Saturdays on which work is done

In some countries which have a five-day workweek with Saturday and Sunday being days off, on some occasions some Saturdays may be declared working Saturdays.

==Transferred working day==
In the Soviet Union, modern Russia, and Hungary, the Friday following a public holiday that falls on Thursday and the Monday before one that falls on Tuesday are transferred to Saturdays to make longer runs of consecutive nonworking days. In this case the "bridge" Monday or Friday is treated as a Saturday in terms of time tables and working hours and the related "working Saturday" is treated as a normal work day. Over the two work weeks concerned, work is done on nine days with one work week running for six days and the other one for three.
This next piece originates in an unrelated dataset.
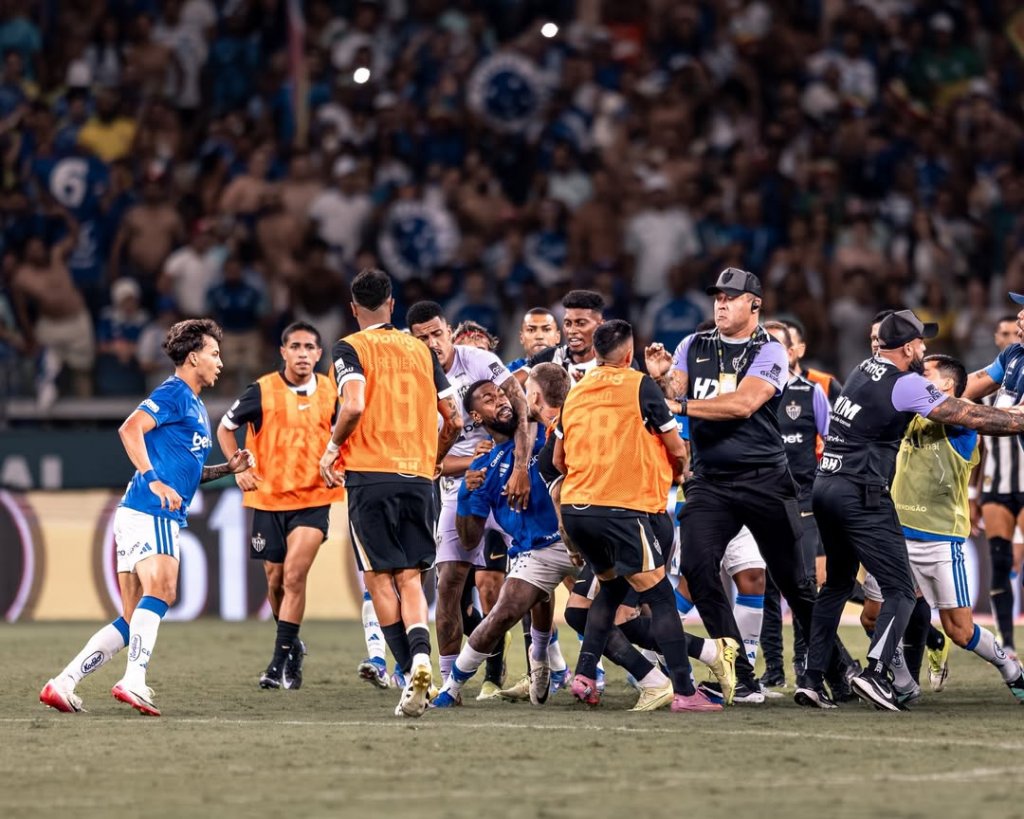 Nos instantes finais, o goleiro Everson se envolveu em um embate físico com Christian, o que desencadeou um efeito dominó entre os atletas. Jogadores de Cruzeiro e Atlético-MG passaram a trocar socos e chutes dentro de campo, enquanto integrantes das comissões técnicas e seguranças invadiam o gramado para tentar conter o conflito.

Employees always have the option of taking a day from their personal vacation allowance and using it to avoid working on the "working Saturday". Some employers and many education institutions treat the working Saturday as a regular one (giving a "free" day off in the former case).

For example in 2007 Russia held working Sundays on 28 April, 9 June, and 29 December in lieu of 30 April, 11 June, and 31 December, respectively.

==Romania==
In Romania, there was a six-day workweek until 1990. Initially there were an average of 48 working hours a week, but in 1982 and 1985 the communist government formally reduced the working hours to 46, and subsequently 45. In some areas a reduced workweek (săptămână redusă de lucru) was permitted, involving 1-2 extra work hours from Monday to Friday in exchange for a free Saturday, but this was only about flexibility of working program, not a real process of switching to a 5-day workweek.

The process of transition to 5-day workweek started on 19 March 1990 with 2 free days a month, usually Saturdays. The same law stated that the term for finalizing the transition is the end of 3rd trimester (i.e. 30 September 1990).